I would answer like this: because this case is an almost perfect illustration of how a single technical decision in methodology can completely overturn a political and historical conclusion. The study by Bastos, Geloso, and Bologna Pavlik is not quackery. It is a serious academic work. But it contains two debatable assumptions, and it is these assumptions that determine the final conclusion. Change the assumptions, and the conclusion becomes the opposite.
This happens in economics all the time. Different researchers analyzing the same question – say, the impact of the minimum wage on employment, or the effect of tax reforms on growth, or the consequences of trade wars – arrive at radically different conclusions. Often, it's not because one of them is lying or bad at math, but because they chose different “technical” parameters: a different observation period, a different way of measuring a variable, a different assumption about who “owns” a particular interaction effect.
Money exists only because we believe in it. But economic conclusions also exist only because we believe in the correctness of the tools used to obtain them. The difference is that faith in money is hard to challenge – it is rooted in habit and culture. But faith in a specific methodology can and should be challenged.
What This Tells Us About How to Read Economic Research
When you see a headline like “Scientists have proven that X explains only 10% of problem Y,” it's worth asking a few simple questions.
- Where did the key numbers come from? As in our case: where did the 0.16 elasticity figure come from, and does it actually correspond to the context in which it is being applied?
- How did the authors divide responsibility between factors? If two factors interact, what assumption was made about who “owns” the interaction effect?
- What would change if these assumptions were different? If a conclusion falls apart with a minor change in parameters, that's a red flag. If the conclusion is robust under various reasonable assumptions, that's a sign of reliability.
These questions don't require a special education. They only require the habit of not taking numbers at face value just because they look precise.
Conclusion: The Modesty of Numbers and the Immodesty of Conclusions
The story of the Cuban embargo in academic literature is, in a sense, a story about the hubris of precision. When researchers get a specific number – “less than ten percent” – it takes on a life of its own. It seems irrefutable because it is specific. But behind this number lies a chain of assumptions, each of which can be challenged.
The authors of the commentary showed that by adjusting the elasticity and rethinking the distribution of the interaction effect, the “modest ten percent” turns into “all or nearly all.” This doesn't mean the latter are right and the former are wrong. It means the issue is far more complex than any single number would suggest.
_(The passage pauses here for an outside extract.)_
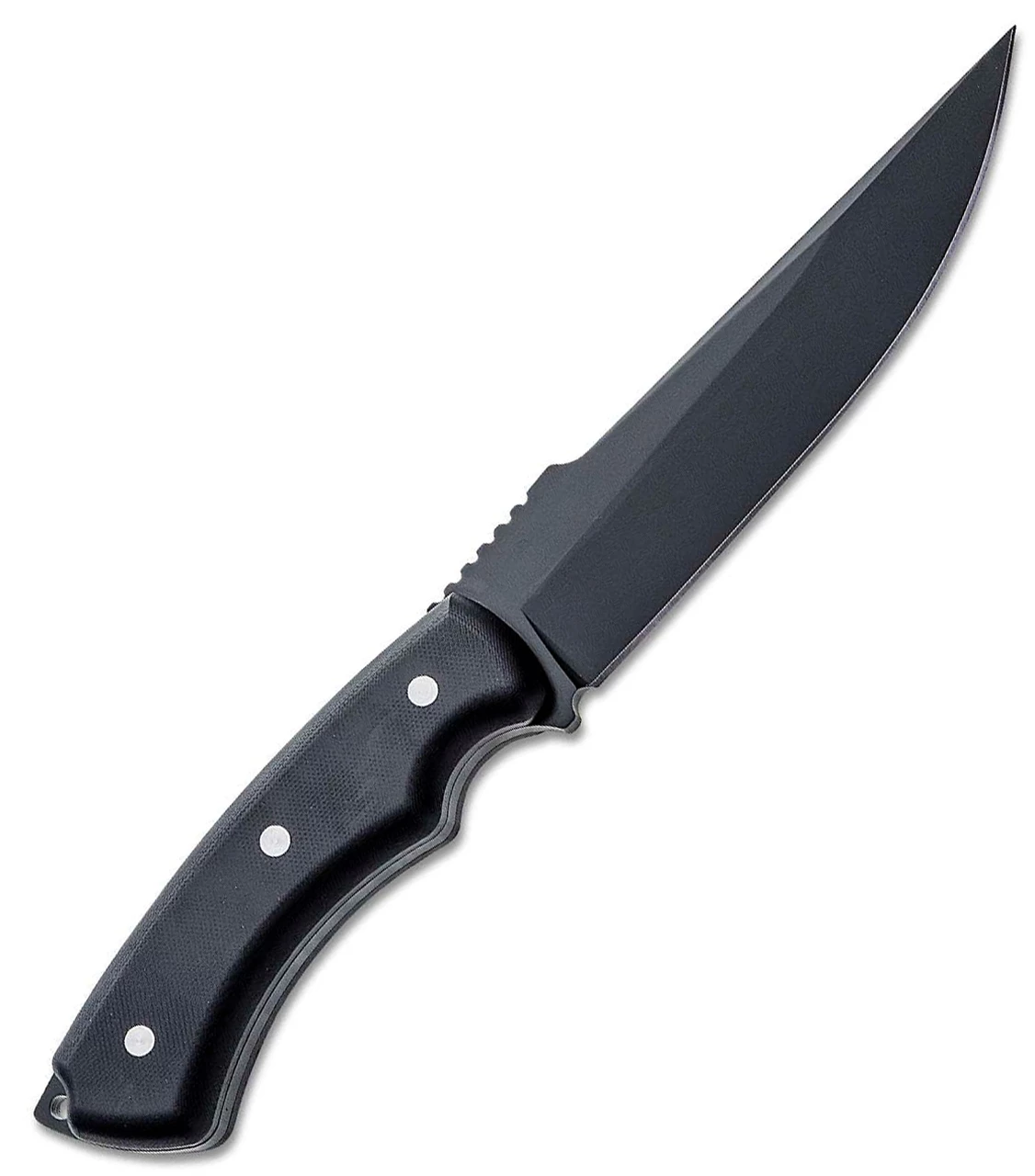 - Black finished 8Cr13MoV trailing point blade.

Economics is not physics. There is no constant speed of light that can be measured once and for all. Here, there are people, institutions, historical accidents, and the interactions between them. And any attempt to reduce all of this to a single coefficient requires an honest admission: this is an assumption, not a fact.
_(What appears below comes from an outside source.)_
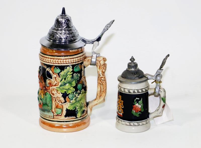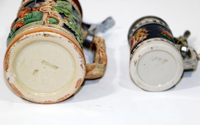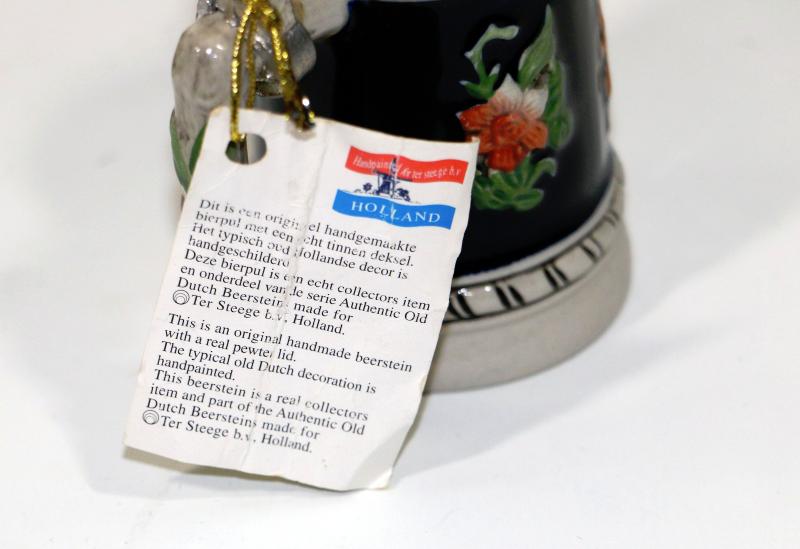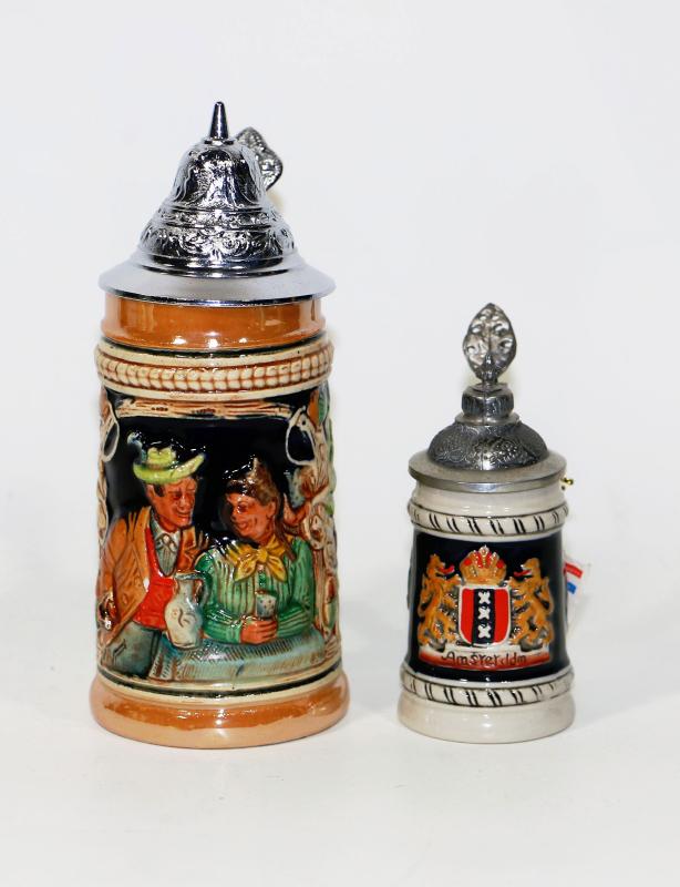 The German stein is 7" tall, the one made in Holland stands 4-1/4" tall, both in beautiful collector's condition.

The Cuban case is extremely complex. The country's trajectory after 1959 was influenced by many factors at once: the nature of its economic system, geopolitical isolation, dependence on Soviet subsidies and then their disappearance, the specifics of Caribbean geography, and much more. Correctly disentangling these influences is a challenge that the field of economics has been grappling with for decades.
But this is no reason to throw up our hands and say, “It's all too complicated, nothing is known.” It is a reason to demand more honesty from research regarding its assumptions – and more modesty regarding its conclusions.
Because sometimes the difference between “ten percent” and “everything” can be found in a single digit in the third decimal place.